# buy commercial does



## svtbronco (Aug 23, 2013)

This is my third post since yesterday. Im very interested in raising meat goats and have learned quite bit.It is just the little details I'm trying to figure out. I was wondering what is the rule of thumb for buying commercial does. I have not found many farms around me that deal with replacements. I didnt know if you trying to get money back off 2 kiddings. Im thinking about Savannahs, Kiko, and Boer. Opinions please


----------



## DrakesFarm (Apr 1, 2013)

My commercial does are mostly boers, but the doe that raised the best kids is a boer/mancha cross, dairyXmeat does to a meat buck equals great kids


----------



## DrakesFarm (Apr 1, 2013)

I like twins off of any thing after its first kidding, they will make it back by their second kidding, sometimes even the first


----------



## packhillboers (Feb 2, 2011)

If you are just starting out- Always be careful from where you buy from.. CL is becoming a more serious problem. Buy from a good knowledgeable breeder that has a good clean herd. If you can afford it - at least get a fullblood buck that is registered or registerable AND from a good quality place. You won't have as much trouble re-selling him when you need new blood and you can be assured to be able to register your 'kids' from that buck. Boers are quite popular and much more in abundance than the other meat goat breeds. Start small with only a few Does. You can cull your herd each year to keep your best. Buy a Doe that doesnt have any deformed teat structures or one that has kidded successfully before. Most important- check the goat all over - teat structures -even the hooves to see if there is any hoof issues..Be very concerned about any lumps and learn about CL and what it is.


----------



## toth boer goats (Jul 20, 2008)

Well said Merry


----------



## packhillboers (Feb 2, 2011)

Well.. have to say. learned a lot on here from Pam.


----------



## MsScamp (Feb 1, 2010)

svtbronco said:


> I was wondering what is the rule of thumb for buying commercial does. I have not found many farms around me that deal with replacements. I didnt know if you trying to get money back off 2 kiddings. Im thinking about Savannahs, Kiko, and Boer. Opinions please


As far as I'm concerned, the only difference between a commercial doe and a registered doe is a piece of paper. I look for correct conformation, excellent mothering ability, and good milkers. I do not go for 2 kidding in 3 years because it takes a whole lot of feed and it wears the does down too fast. As far as what breed goes, I love my Kikos, but that is something you will have to decide for yourself.


----------



## 20kidsonhill (Feb 28, 2011)

weight gain would be right up there for me. strong legs and good structure.

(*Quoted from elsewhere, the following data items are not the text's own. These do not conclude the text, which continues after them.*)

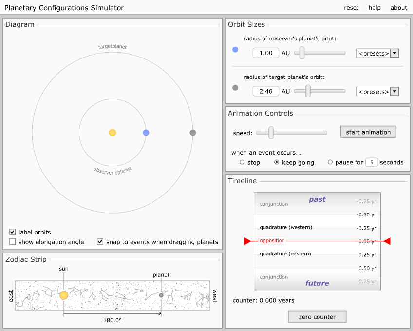 Modela los movimientos de los planetas alrededor del Sol en un modelo copernicano simplificado del sistema solar.
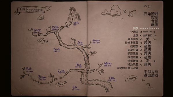 2、完美的步行模拟器,控制伊迪斯·芬奇在芬奇家族的老宅中探索,感受十数位亲人死亡前的故事
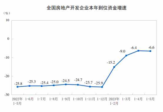 1—5月份,房地產(chǎn)開發(fā)企業(yè)到位資金55958億元,同比下降6.6%。其中,國內(nèi)貸款7175億元,下降10.5%;利用外資13億元,下降73.5%;自籌資金16267億元,下降21.6%;定金及預(yù)收款19878億元,增長4.4%;個(gè)人按揭貸款10354億元,增長6.5%。
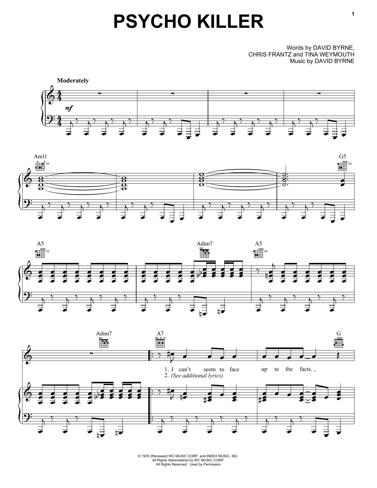 Quick facts Psycho Killer about digital sheet music
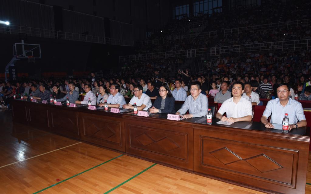 5月27日晚,由江苏省教育厅、财政厅主办的2018年高雅艺术进校园拓展项目----“阳光路上”南京财经大学大学生艺术团专场演出在我校天健苑?体育中心举行,校党委书记史国君、副院长张仰飞与现场三千多名学子一同观看了这场洋溢青春活力的高雅艺术盛宴。江苏省教育厅体卫艺处副处长王红蕾和南京财经大学副校长华仁海、东南大学艺术教育中心主任洪海军、河海大学团委书记陈伟刚、南京财经大学艺术教育中心主任段伟伟等兄弟院校的领导与嘉宾应邀共同观看了演出。
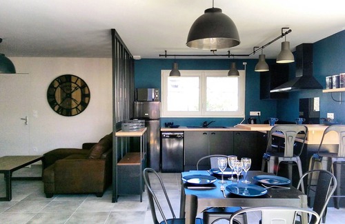 The house (85 m²) with the current deco industrial style, single-storey, non-terraced, accessible to people with reduced mobility, is composed of 2 bedrooms (1 with 1 double bed 160 and flat screen tv and 1 with 2 single beds : all bed bases are new as well as mattresses memory form), a bathroom with walk-in shower and towel dryer, a large living area with the living room, flat screen TV (106 cm) and the stove, an open kitchen fully equipped (dishwasher, microwave, hob, oven, hood, toaster, kettle, traditional coffee and Senseo, fridge-freezer, ...).

A good saying to go by is, "You build a meat herd from the ground up." Another words you need strong thick boned legs. Thickness of bone is there to support muscle. A good structured animal that has a good topline and strong legs is going to hold up longer and have nice structured kids that will sell for more at market.


----------



## toth boer goats (Jul 20, 2008)

All good advice. 



Thanks Merry


----------